*** Block opens ***

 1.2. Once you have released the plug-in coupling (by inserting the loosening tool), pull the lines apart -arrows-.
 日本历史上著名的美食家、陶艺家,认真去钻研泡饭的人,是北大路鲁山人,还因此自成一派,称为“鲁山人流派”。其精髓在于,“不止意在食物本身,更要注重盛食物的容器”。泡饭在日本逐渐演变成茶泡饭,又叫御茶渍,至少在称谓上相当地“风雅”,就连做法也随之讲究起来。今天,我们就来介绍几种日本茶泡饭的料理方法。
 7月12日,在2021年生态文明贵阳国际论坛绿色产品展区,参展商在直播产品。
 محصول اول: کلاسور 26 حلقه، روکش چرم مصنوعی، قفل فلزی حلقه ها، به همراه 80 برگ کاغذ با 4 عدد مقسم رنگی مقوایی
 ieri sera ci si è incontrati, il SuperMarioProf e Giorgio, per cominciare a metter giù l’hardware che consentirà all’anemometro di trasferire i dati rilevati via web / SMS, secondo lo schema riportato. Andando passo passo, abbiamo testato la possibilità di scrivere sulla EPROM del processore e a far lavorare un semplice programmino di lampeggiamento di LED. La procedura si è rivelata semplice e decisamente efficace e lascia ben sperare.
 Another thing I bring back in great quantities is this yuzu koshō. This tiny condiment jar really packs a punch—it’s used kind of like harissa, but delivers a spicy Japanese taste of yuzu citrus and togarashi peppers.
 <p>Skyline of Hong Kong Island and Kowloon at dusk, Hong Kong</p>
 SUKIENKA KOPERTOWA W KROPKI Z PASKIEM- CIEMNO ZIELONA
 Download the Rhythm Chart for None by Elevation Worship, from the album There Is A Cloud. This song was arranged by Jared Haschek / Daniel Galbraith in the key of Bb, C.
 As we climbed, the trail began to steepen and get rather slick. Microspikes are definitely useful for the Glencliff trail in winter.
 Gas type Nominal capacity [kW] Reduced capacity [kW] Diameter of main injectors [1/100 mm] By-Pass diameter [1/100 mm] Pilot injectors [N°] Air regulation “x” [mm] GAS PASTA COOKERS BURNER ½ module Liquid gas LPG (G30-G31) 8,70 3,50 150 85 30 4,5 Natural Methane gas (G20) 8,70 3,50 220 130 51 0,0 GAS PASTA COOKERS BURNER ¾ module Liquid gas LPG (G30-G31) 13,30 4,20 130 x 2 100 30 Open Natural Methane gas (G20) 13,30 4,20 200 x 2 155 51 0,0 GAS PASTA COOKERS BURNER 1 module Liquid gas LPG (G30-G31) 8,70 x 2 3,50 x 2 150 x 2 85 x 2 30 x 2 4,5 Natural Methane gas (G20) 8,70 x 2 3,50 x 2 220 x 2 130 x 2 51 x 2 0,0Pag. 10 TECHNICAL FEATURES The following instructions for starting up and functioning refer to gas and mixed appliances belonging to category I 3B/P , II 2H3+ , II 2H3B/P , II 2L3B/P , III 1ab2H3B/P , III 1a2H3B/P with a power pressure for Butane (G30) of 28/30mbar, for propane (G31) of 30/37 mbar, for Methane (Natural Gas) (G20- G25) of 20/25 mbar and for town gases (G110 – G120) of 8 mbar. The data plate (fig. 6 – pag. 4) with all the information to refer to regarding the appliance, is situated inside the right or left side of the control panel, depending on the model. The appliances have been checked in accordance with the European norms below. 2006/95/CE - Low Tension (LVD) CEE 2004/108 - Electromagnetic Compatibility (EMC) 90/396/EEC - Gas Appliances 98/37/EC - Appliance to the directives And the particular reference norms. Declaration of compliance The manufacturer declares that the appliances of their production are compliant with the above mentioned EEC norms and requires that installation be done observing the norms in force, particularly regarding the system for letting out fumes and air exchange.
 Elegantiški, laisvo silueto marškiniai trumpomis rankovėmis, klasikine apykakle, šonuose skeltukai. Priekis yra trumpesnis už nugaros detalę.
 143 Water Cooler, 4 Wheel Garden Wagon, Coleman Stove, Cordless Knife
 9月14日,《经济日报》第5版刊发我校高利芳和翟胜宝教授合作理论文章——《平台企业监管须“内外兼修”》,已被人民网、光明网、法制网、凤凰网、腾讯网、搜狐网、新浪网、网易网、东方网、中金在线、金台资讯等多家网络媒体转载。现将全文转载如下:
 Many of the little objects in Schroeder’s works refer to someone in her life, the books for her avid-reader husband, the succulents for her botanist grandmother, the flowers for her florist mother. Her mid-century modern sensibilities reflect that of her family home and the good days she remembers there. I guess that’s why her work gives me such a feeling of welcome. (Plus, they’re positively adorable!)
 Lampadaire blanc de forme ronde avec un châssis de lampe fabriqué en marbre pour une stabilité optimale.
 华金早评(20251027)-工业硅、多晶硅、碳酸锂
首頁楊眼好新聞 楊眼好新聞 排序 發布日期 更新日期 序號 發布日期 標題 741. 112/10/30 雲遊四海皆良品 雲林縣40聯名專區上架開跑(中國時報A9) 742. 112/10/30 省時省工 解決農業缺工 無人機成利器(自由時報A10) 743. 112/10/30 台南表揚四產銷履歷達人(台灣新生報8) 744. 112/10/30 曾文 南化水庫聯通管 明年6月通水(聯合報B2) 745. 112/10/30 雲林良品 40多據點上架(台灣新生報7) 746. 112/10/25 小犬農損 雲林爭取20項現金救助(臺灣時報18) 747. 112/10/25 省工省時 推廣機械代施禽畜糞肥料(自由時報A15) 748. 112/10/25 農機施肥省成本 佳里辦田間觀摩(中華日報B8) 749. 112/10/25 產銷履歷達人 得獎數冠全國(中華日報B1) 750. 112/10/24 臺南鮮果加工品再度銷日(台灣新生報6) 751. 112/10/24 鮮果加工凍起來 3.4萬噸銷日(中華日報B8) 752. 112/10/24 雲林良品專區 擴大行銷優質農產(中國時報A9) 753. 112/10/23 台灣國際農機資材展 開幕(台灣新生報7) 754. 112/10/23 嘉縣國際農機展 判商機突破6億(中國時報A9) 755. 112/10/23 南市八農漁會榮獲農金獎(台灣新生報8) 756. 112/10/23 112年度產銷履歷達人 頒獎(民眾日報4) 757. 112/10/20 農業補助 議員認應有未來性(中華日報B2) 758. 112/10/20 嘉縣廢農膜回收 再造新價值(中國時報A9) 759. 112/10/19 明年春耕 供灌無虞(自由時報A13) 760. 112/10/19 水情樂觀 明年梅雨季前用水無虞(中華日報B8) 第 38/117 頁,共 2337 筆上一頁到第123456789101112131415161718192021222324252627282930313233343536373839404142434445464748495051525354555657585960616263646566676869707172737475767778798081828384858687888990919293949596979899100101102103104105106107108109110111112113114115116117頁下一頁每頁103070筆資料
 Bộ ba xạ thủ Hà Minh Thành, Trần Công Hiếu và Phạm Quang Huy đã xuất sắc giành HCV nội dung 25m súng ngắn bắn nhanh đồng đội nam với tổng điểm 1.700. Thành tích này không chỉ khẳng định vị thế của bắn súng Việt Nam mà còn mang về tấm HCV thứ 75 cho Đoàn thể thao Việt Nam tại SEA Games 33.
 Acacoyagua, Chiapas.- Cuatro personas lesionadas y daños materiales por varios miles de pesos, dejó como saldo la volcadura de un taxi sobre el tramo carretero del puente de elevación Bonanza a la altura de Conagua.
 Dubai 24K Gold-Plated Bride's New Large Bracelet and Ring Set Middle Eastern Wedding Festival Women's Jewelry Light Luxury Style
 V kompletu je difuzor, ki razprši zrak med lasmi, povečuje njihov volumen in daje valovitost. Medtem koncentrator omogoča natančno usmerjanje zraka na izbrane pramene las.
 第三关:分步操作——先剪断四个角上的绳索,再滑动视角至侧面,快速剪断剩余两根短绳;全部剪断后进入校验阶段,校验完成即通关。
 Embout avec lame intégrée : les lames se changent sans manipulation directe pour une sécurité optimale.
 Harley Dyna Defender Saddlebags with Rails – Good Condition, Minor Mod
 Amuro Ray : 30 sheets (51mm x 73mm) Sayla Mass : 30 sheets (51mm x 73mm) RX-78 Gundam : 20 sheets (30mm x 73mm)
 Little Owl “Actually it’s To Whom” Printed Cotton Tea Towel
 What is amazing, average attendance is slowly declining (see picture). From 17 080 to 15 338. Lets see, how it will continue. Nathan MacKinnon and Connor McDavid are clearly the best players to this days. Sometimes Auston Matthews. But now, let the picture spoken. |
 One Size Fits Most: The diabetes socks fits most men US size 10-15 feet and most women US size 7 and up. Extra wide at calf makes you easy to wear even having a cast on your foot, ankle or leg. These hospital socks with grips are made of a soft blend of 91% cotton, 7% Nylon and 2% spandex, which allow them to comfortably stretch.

*** Block closes ***

Task description:
Lines above with the string "optimale" need to be found and copied.

Result of this exercise:
 Lampadaire blanc de forme ronde avec un châssis de lampe fabriqué en marbre pour une stabilité optimale.
 Embout avec lame intégrée : les lames se changent sans manipulation directe pour une sécurité optimale.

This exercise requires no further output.